== Data for processing ==

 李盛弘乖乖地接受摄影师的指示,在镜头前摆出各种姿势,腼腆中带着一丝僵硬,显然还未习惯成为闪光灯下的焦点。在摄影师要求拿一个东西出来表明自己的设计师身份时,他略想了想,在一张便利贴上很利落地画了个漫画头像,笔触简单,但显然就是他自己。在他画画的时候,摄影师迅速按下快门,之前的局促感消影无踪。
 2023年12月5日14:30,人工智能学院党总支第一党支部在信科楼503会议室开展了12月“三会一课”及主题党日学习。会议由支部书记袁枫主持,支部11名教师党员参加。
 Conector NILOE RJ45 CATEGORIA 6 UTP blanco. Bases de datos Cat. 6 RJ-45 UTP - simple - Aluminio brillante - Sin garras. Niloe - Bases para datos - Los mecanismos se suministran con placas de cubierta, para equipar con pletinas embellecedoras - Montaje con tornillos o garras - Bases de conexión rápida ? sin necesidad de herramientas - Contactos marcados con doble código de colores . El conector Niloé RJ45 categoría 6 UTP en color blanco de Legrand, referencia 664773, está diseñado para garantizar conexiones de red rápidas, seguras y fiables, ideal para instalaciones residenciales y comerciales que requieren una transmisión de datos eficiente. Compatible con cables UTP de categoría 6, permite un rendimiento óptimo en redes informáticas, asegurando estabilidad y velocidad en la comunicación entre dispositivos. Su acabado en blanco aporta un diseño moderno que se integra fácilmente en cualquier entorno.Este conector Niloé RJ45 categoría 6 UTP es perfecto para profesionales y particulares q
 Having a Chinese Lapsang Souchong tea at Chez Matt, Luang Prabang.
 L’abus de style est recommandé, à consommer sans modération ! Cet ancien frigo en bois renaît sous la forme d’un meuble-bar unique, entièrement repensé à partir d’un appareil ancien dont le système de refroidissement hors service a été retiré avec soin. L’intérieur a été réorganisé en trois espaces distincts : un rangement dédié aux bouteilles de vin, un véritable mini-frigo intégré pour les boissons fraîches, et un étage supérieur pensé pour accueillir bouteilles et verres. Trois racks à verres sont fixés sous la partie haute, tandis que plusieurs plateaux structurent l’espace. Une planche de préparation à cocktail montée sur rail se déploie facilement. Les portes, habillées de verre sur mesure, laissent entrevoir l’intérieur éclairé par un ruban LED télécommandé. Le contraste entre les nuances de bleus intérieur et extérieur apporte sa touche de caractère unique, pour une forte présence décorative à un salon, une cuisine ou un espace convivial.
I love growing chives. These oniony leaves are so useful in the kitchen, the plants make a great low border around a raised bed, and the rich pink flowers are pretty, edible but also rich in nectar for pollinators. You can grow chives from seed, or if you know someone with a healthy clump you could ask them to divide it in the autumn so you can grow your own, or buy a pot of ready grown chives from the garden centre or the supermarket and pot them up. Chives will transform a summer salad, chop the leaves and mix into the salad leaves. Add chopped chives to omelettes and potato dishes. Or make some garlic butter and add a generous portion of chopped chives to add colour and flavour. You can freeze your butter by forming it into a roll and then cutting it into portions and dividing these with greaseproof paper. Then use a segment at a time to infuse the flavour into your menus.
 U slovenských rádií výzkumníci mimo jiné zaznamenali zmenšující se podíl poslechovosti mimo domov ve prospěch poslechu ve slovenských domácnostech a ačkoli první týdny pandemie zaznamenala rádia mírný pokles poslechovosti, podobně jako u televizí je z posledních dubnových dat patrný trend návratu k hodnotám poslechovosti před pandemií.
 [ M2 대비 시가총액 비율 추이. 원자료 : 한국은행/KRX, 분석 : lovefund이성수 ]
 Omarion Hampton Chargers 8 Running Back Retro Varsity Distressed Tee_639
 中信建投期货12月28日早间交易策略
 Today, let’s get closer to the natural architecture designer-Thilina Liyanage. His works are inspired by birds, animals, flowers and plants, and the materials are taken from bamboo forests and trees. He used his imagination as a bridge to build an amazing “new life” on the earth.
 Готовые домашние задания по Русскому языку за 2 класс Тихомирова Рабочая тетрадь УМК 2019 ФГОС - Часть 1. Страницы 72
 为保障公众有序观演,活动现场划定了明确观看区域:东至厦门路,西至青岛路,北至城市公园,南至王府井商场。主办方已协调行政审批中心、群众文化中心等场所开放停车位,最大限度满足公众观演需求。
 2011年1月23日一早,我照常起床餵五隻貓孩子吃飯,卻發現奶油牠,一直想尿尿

===

= Problem =
The result should be the lines from the line with "Готовые домашние задания" to the last line of the material, returned exactly and without any other line.

= Reply =
 Готовые домашние задания по Русскому языку за 2 класс Тихомирова Рабочая тетрадь УМК 2019 ФГОС - Часть 1. Страницы 72
 为保障公众有序观演,活动现场划定了明确观看区域:东至厦门路,西至青岛路,北至城市公园,南至王府井商场。主办方已协调行政审批中心、群众文化中心等场所开放停车位,最大限度满足公众观演需求。
 2011年1月23日一早,我照常起床餵五隻貓孩子吃飯,卻發現奶油牠,一直想尿尿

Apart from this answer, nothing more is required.